Available data section start
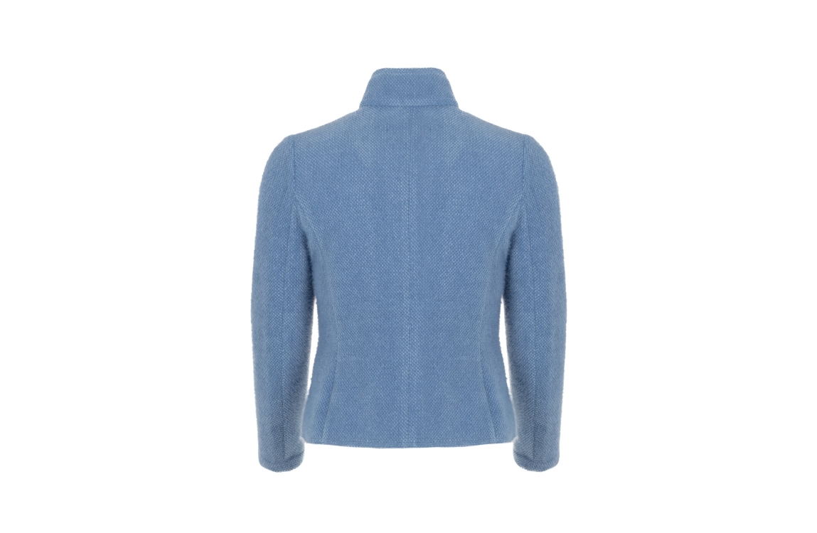 B-Three blazer Maartje 427. Deze licht getailleerde blazer heeft een opstaande kraag en lange mouwen. De lichtblauwe (sky) blazer van B-Three sluit aan de voorzijde met knopen en is voorzien van twee klepzakken. Het model heeft schoudervulling en is uitgevoerd in een stevige stof met structuur.
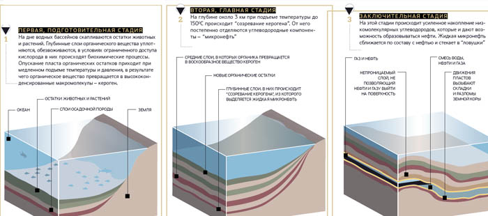 Как известно, в ученом мире существует две теории происхождения нефти: биогенная и абиогенная. Ни та, ни другая теория до конца не доказаны, однако большинство специалистов придерживаются биогенной теории. Она гласит, что нефть и природный газ образовались из остатков растительных и животных организмов в ходе многоступенчатого, длящегося миллионы лет процесса. Согласно этой теории, одним из основоположников которой был Михайло Ломоносов, запасы нефти невосполняемы и все ее месторождения когда-нибудь иссякнут.
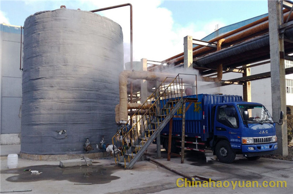 熱水生產(chǎn)系統(tǒng)是公司新增項目,它利用公司廢蒸汽余溫加熱深井水,從而生產(chǎn)出昊源熱水。昊源熱水每噸可以銷售18元,廣泛用于賓館和浴池。此項目不僅為公司增加效益,還保護(hù)了環(huán)境。
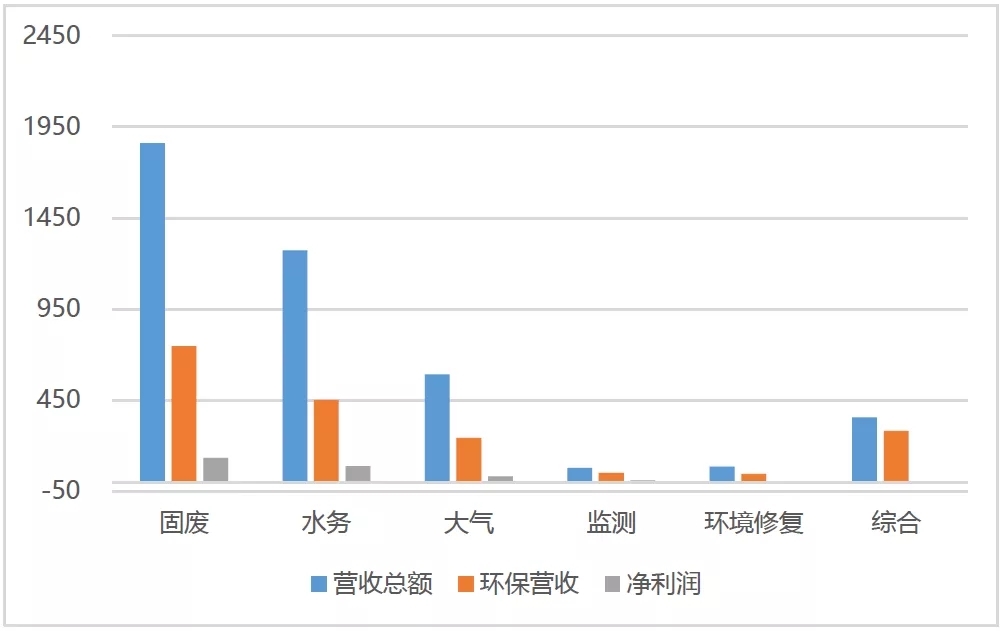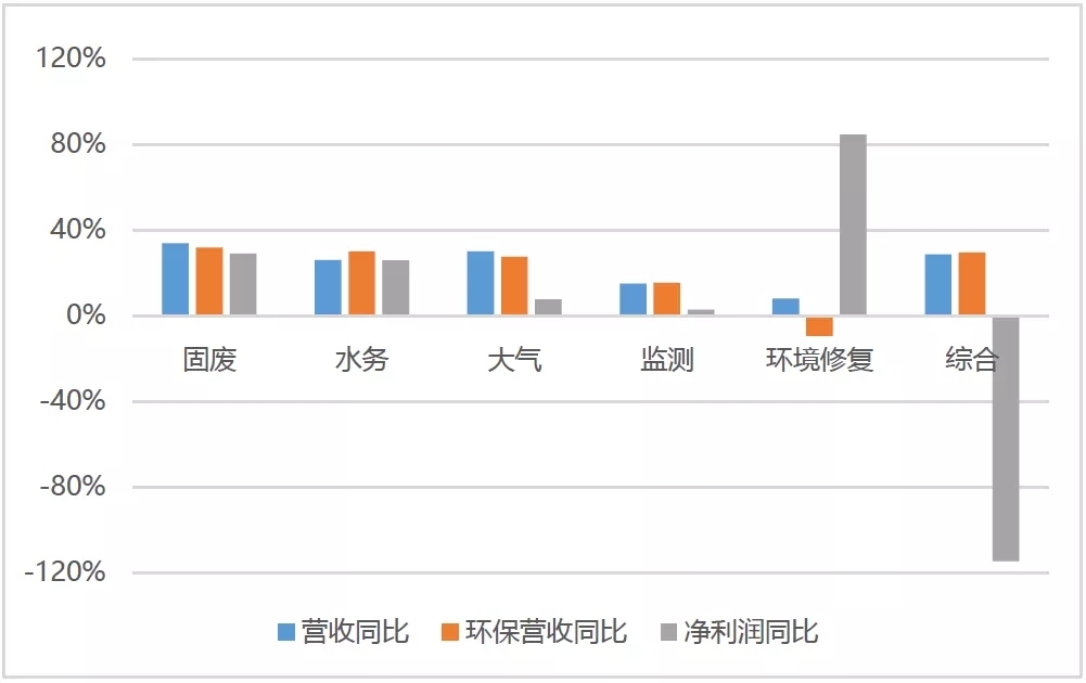 綜合服務(wù)領(lǐng)域,營業(yè)收入同比增長28.94%,環(huán)保營收同比增長29.6%,凈利潤下降113%,個別企業(yè)(如啟迪環(huán)境、東方園林)虧損額度較大。
Available data section end
◆ Work order ◆
Without the pictures, output the full listing exactly as it stands.

◆ Expected answer ◆
 B-Three blazer Maartje 427. Deze licht getailleerde blazer heeft een opstaande kraag en lange mouwen. De lichtblauwe (sky) blazer van B-Three sluit aan de voorzijde met knopen en is voorzien van twee klepzakken. Het model heeft schoudervulling en is uitgevoerd in een stevige stof met structuur.
 Как известно, в ученом мире существует две теории происхождения нефти: биогенная и абиогенная. Ни та, ни другая теория до конца не доказаны, однако большинство специалистов придерживаются биогенной теории. Она гласит, что нефть и природный газ образовались из остатков растительных и животных организмов в ходе многоступенчатого, длящегося миллионы лет процесса. Согласно этой теории, одним из основоположников которой был Михайло Ломоносов, запасы нефти невосполняемы и все ее месторождения когда-нибудь иссякнут.
 熱水生產(chǎn)系統(tǒng)是公司新增項目,它利用公司廢蒸汽余溫加熱深井水,從而生產(chǎn)出昊源熱水。昊源熱水每噸可以銷售18元,廣泛用于賓館和浴池。此項目不僅為公司增加效益,還保護(hù)了環(huán)境。
 綜合服務(wù)領(lǐng)域,營業(yè)收入同比增長28.94%,環(huán)保營收同比增長29.6%,凈利潤下降113%,個別企業(yè)(如啟迪環(huán)境、東方園林)虧損額度較大。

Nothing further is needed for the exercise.